Jeffrey H Hsu1, Duraid Younan, Sudha Pandalai, Bryce T Gillespie, Raj A Jain, David W Schippert, Craig R Narins, Amit Khanna, Scott M Surowiec, Mark G Davies, Cynthia K Shortell, Jeffrey M Rhodes, David L Waldman, Richard M Green, Karl A Illig.   

Abstract

OBJECTIVES: The purpose of this study was to determine whether performance on a simulator model of carotid artery stenting correlates with previous endovascular experience and to assess the effects of repetition and training.
METHODS: Participants were stratified to untrained and advanced skill groups on the basis of number of endovascular procedures previously performed. Baseline performance was assessed by means of a pretest, and participants were randomized to practice and no-practice groups. Practice consisted of a 30-minute to 60-minute proctored session before taking a final test; those in the no-practice group proceeded directly to the final test without this session. Primary outcomes were completion of a standardized protocol and the length of time needed to complete all steps.
RESULTS: Twenty-nine subjects (16 untrained, 13 advanced) participated fully in the study. Ninety-two percent of participants in the advanced group successfully completed the pretest, versus 63% in the untrained group (P = .09); mean time to successful completion was 29.9 +/- 4.8 (mean +/- SD) versus 48.0 +/- 9.9 minutes, respectively (P < .001). Subjects who received no practice did not significantly improve their completion times between pretest and final test, whereas those who received practice did (novice, 47.9 +/- 7.0 minutes vs 24.5 +/- 2.9 minutes, P < .001; advanced, 29.6 +/- 3.1 minutes vs 20.2 +/- 4.1 minutes, P < .001). The group without previous training had significantly more time improvement from training than did the advanced group. Exit survey results showed that those who had the opportunity to practice more commonly believed that the simulator increased their endovascular skills and interest in vascular surgery (both P < .01 vs untrained group).

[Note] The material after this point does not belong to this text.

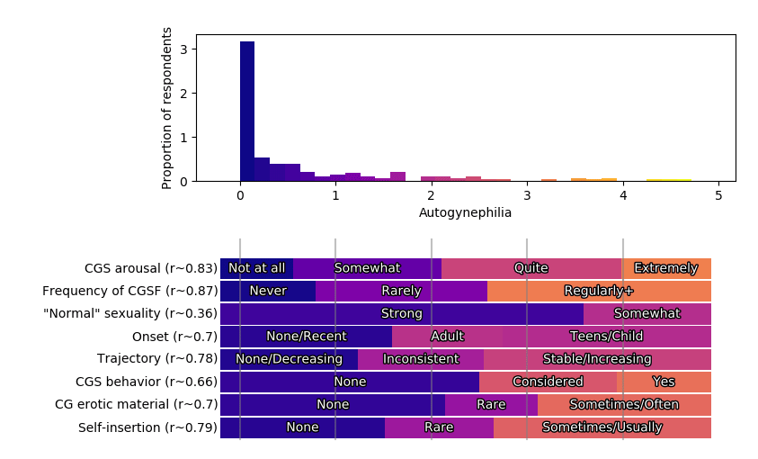 refers to my understanding of how autogynephilia works, and is essentially a factor model which is not literally the same as my statistical models (since statistical data needs to be taken with a grain of salt, and because I also have additional grounding knowledge not included in the statistical model), but which is conceptually very similar to my statistical models like this one: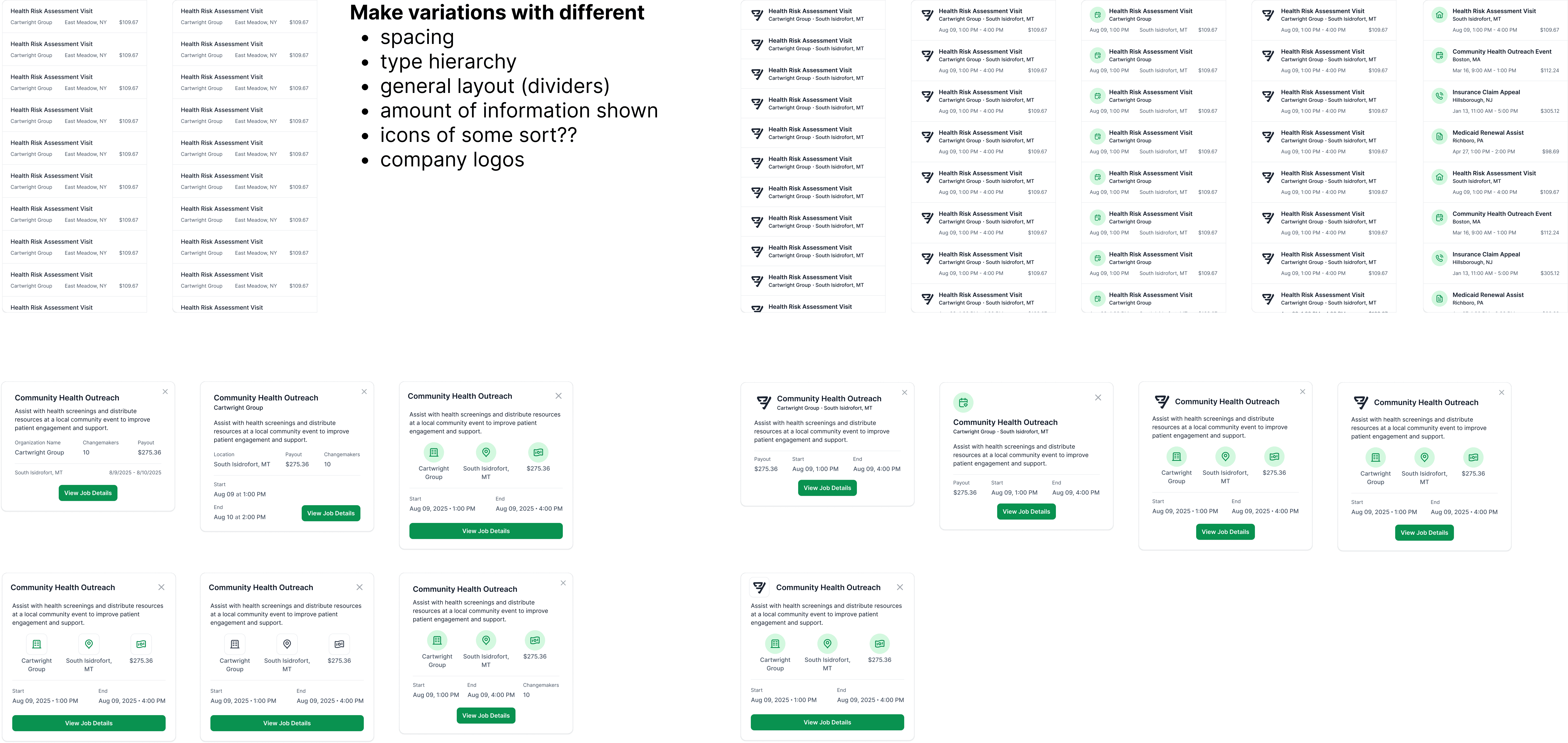 Moving forward, I tried out some variations of both the jobs list and job card, focusing on different spacing, type hierarchy, level of information shown, and icon usage.

CONCLUSIONS: Performance on the carotid stenting simulator correlated with previous endovascular experience. Although both novice and advanced groups improved their time after a 30-minute to 60-minute proctored training session, improvement in the novice group was greater than that in the advanced group, which suggests that novices may benefit disproportionately from this type of training.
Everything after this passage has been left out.